Sozialdemokratische Deutschlandpolitik: Die Alternative
Somit rückten aus der besonderen Lage Berlins heraus die menschlichen Aspekte der deutschen Frage in den Mittelpunkt einer politischen Konzeption, während die bislang immer wieder hervorgebrachten juristischen Bedenken eines Nebeneinander zweier deutscher Staaten sekundär wurden. Dem kleinen Berliner Planungsstab ging es nunmehr um konkrete und praktikable Schritte, die Erleichterungen auf beiden Seiten der Mauer bringen sollten. Diese deutschlandpolitische Neuorientierung provozierte Widersprüche, auch von der eigenen Seite her, da sie ohne Rücksicht auf eine Beteiligung der Bevölkerung bzw. der sozialdemokratischen Parteiorganisationen im kleinen Beraterkreis Brandts entwickelt worden war. Dennoch wuchs hieraus die sozialdemokratische Deutschlandpolitik als eine klare Alternative zur deutschlandpolitischen Passivität der Bundesregierung.
Schon auf dem Kölner Parteitag im Mai 1962 hatte Willy Brandt gefordert, »ein Minimum an Durchlässigkeit der Mauer zu erreichen« – die Partei war ihm mit einer Entschließung gefolgt, in der bekundet wurde, »daß alle Anstrengungen gemacht werden (sollten), um wenigstens die unmenschlichen Auswirkungen der Mauer zu überwinden und einen geregelten Personenverkehr innerhalb der widernatürlich geteilten Staaten wiederherzustellen«.
Diese keineswegs mit konkreten Maßnahmen verbundenen Forderungen wurden erstmalig mit dem »für die Entwicklung der neuen Deutschlandpolitik gewiß bahnbrechende(n) erste(n) Passierscheinabkommen« (Prowe 1976, S.279) in die Praxis umgesetzt. Mit einem Trick konnte Willy Brandt dem Osten gewissermaßen Zugeständnisse in deren »Dreistaatentheorie« machen, indem er als westlichen Verhandlungspartner einen politischen Beauftragten aufbot. Indem er sich allerdings demonstrativ in seinen Entscheidungen von der Bundesregierung abhängig machte, bewies er, daß er dennoch weiterhin zu dem Nicht-Anerkennungs-Prinzip stand.
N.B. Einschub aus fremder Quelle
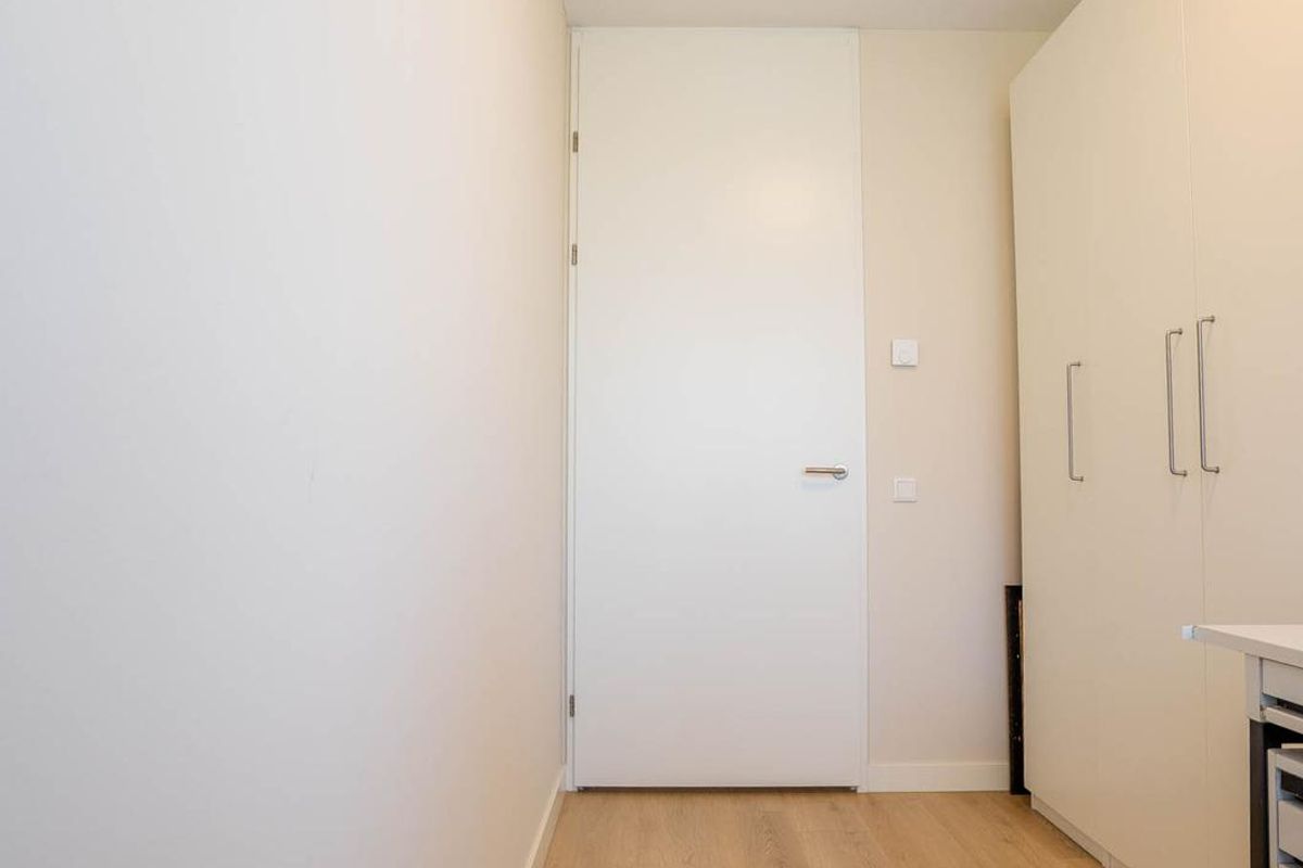 De badkamer is royaal, volledig betegeld en voorzien van vloerverwarming, een inloopdouche, toilet en wastafel met meubel. Daarnaast is er een praktische berging/wasruimte met opstelling voor de wasmachine en technische installaties.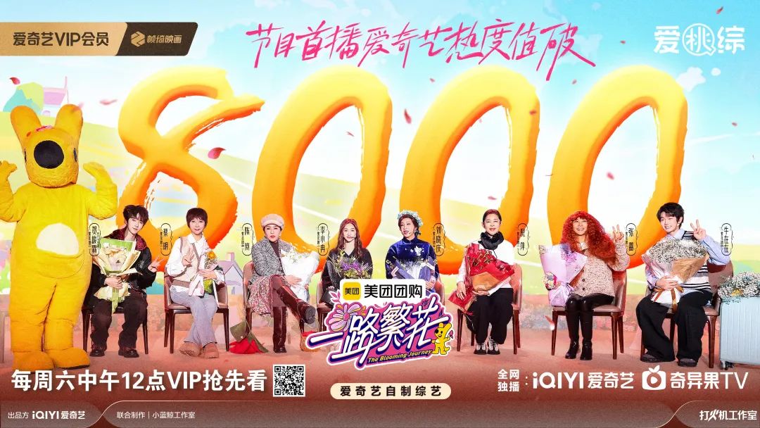 例如,近期的熱播綜藝《一路繁花》,在第一期上線不到一周時間,全網(wǎng)熱搜熱榜已達兩千多個,愛奇藝站內(nèi)熱度突破8000,并拿下多個第三方數(shù)據(jù)榜單榜首。
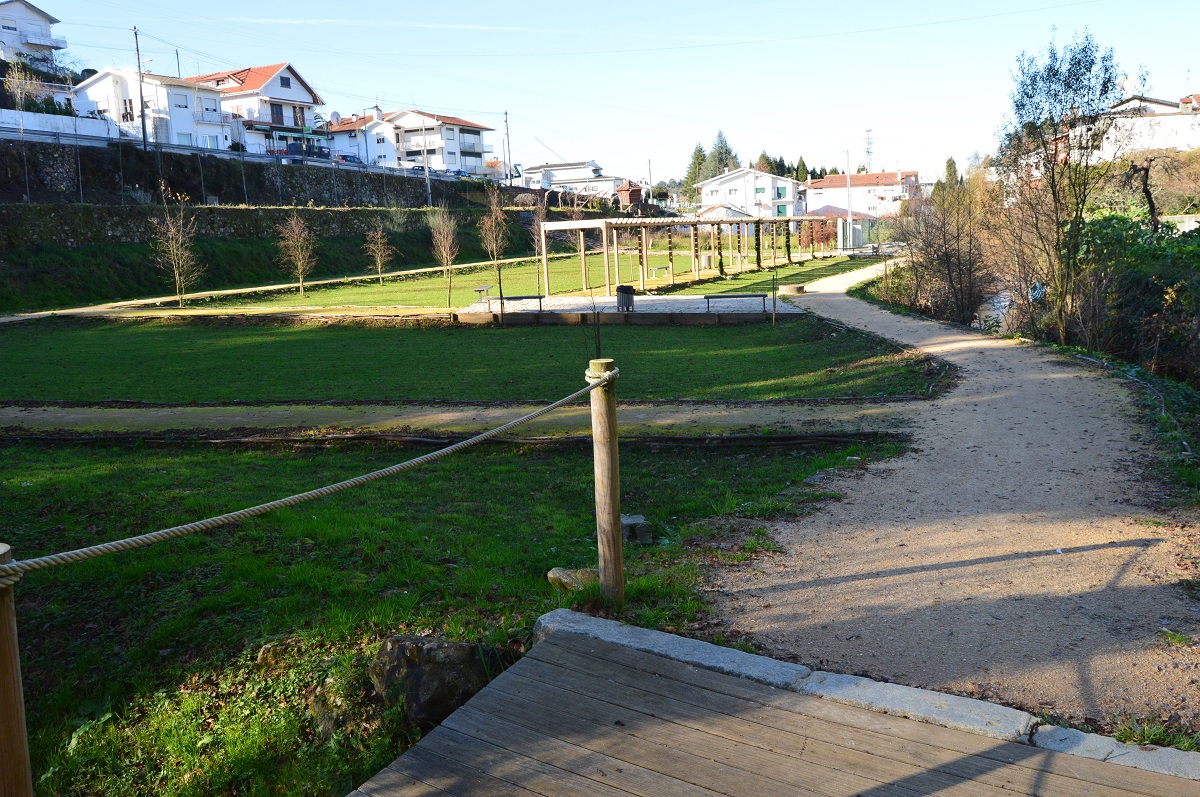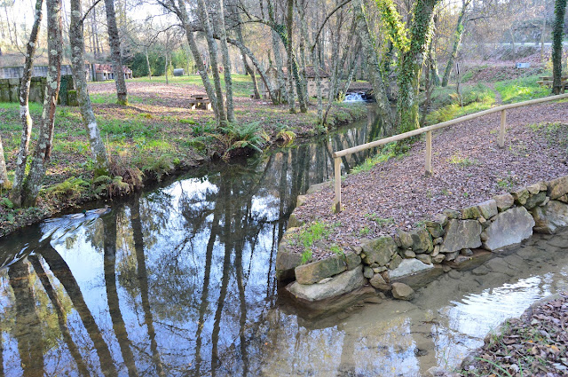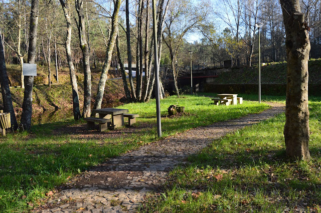 Estacionei mesmo junto a uma fonte pública, mesmo defronte das Termas, onde vi várias pessoas a encher vários garrafões para levar para casa, e passeei primeiro por ali, onde tem uma bonita área de lazer, para adultos e parque infantil para os mais novos, um campo de futebol, um coreto, e vários equipamentos, agora muito em voga, para fazer exercício físico. Para logo depois inverter e começar o percurso.
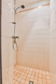 Kran prysznicowy przymocowany do ściany płytkowej w pobliżu przegrody szklanej i ozdobnego krawężnika w umywalni w domu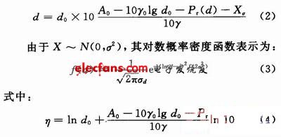 式中:Pr(d)為接收信號強度表達式(距離發(fā)射點d m處);A0表示節(jié)點的發(fā)射功率;d0表示接收功率的參考點;γ0為自由空間路徑損耗指數(shù)(γ0=2);γ表示實際的路徑損耗指數(shù);Xσ表示0均值的高斯分布隨機變量;標準偏差為σ。在實際的無線傳感器網(wǎng)絡中,節(jié)點可以測量并記錄來自其他節(jié)點的型號強度,由式(1)推出: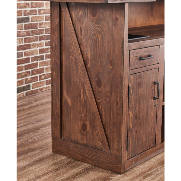 The barn side styled Bristol Bar comes complete with a built-in stone cutting surface, stemware holders and a removable ice bucket. This bar is also equipped with an Easy-Glide storage drawer, locking cabinet doors and storage shelving to serve all your entertaining needs. Classic knotty pine is finished in Rustic Brown for an inviting and homey finish. Charcoal finished bronze hardware accents complete the look.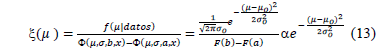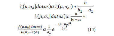 The data distribution is uniform (Data-unif(a1,b1)). Let '' be the mean value of this distribution, with a prior Normal truncated distribution with the following parameters: µo, mean; s., standard deviation (assumed to be constant); a, inferior limit; and b: superior limit (10).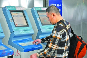如今,10台自动售票机移到了以前的人工售票窗口位置,而6台互联网自助取票机则紧邻其旁。由于人工售票窗口已移到该站出站口旁,因此,自动售取票的等候区域相比原来有所扩大。昨日上午11点,来购票的旅客并不算多,平均每人只需要1分钟左右,便可以完成整个自助购票流程。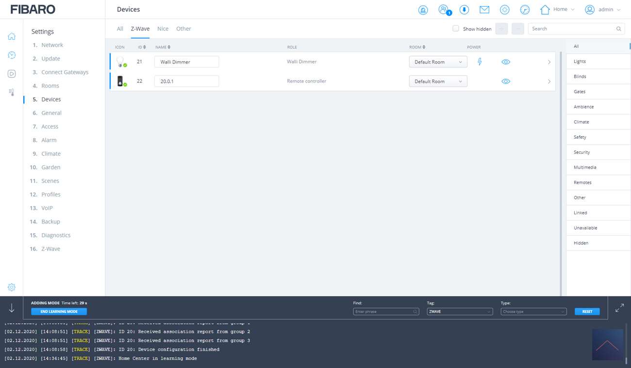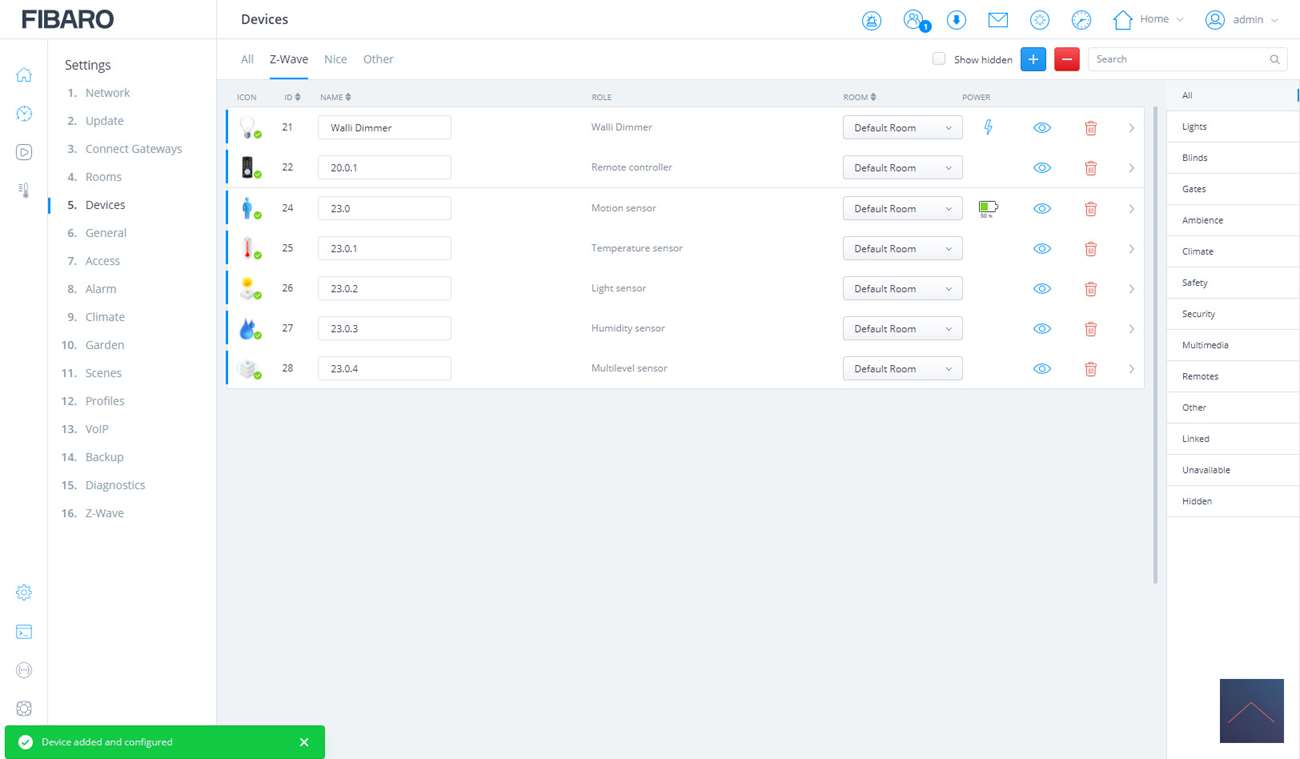 We are going to add several devices to see how this is done and whether it works at all. In addition to a Fibaro product, we also add a few other brands.
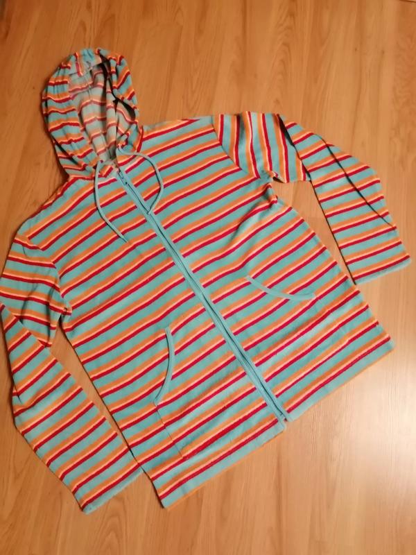 Мягкая, махровая уютная кофточка, длина по средине спинки 65 см, плечи 47 см, рукав 57 см, подмышки 53 см, низ 52 см, разрезы 10 см.

Durch die außerordentliche Geschwindigkeit, mit der die Verhandlungen vom 13. – 17. Dezember 1963 geführt wurden, geriet die Bundesregierung jedoch unter enormen Zeitdruck. Die Kritiker im Regierungslager waren geteilter Meinung über das erzielte Passierscheinabkommen. Die Regierung hätte es aber wohl kaum unterbinden können, ohne sich, wie die Praxis der Regelung zwischen dem 18. Dezember 1963 und dem 5. Januar 1964 zeigte, dem Vorwurf ausgesetzt zu sehen, daß sie menschliche Erleichterungen im geteilten Berlin zu verhindern suchte.
Dieser erste Erfolg der »Politik der kleinen Schritte« stellte unter Beweis, daß die Berliner SPD nun auch in der Anwendung neuer deutschlandpolitischer Ansätze die Initiative übernommen hatte.
Fritz Erler lobte das Passierscheinabkommen im Deutschen Bundestag, weil in Berlin sichtbar geworden sei, »daß diese Stadt eine Stadt ist und daß die Deutschen ein Volk sind und ein Volk bleiben wollen.« Die Besuche der Westberliner »durch Stacheldraht und Gefängnistore hindurch, mit der Auflage, abends wieder zurücksein zu müssen«, habe »für viele den schrecklichen Charakter der Mauer, den sie nicht so ganz einsehen wollten, deutlicher als vorher hervortreten lassen.« Zusätzlich sah er in der Praxis des Abkommens auch »eine Ermutigung für unsere Landsleute.« Zu der neuen »Politik der kleinen Schritte« bekannte er sich, ohne diese beim Namen zu nennen: »Wir wissen, daß wir durchaus miteinander und mit der Bundesregierung bereit sind abzutasten, was geschehen kann, um unseren Landsleuten in Ost-Berlin und in der Zone ein Höchstmaß an Erleichterungen zu verschaffen.«
Die außenpolitische Gemeinsamkeit mit der Bundesregierung und allen im Deutschen Bundestag vertretenen Parteien wurde aber dennoch fortgesetzt.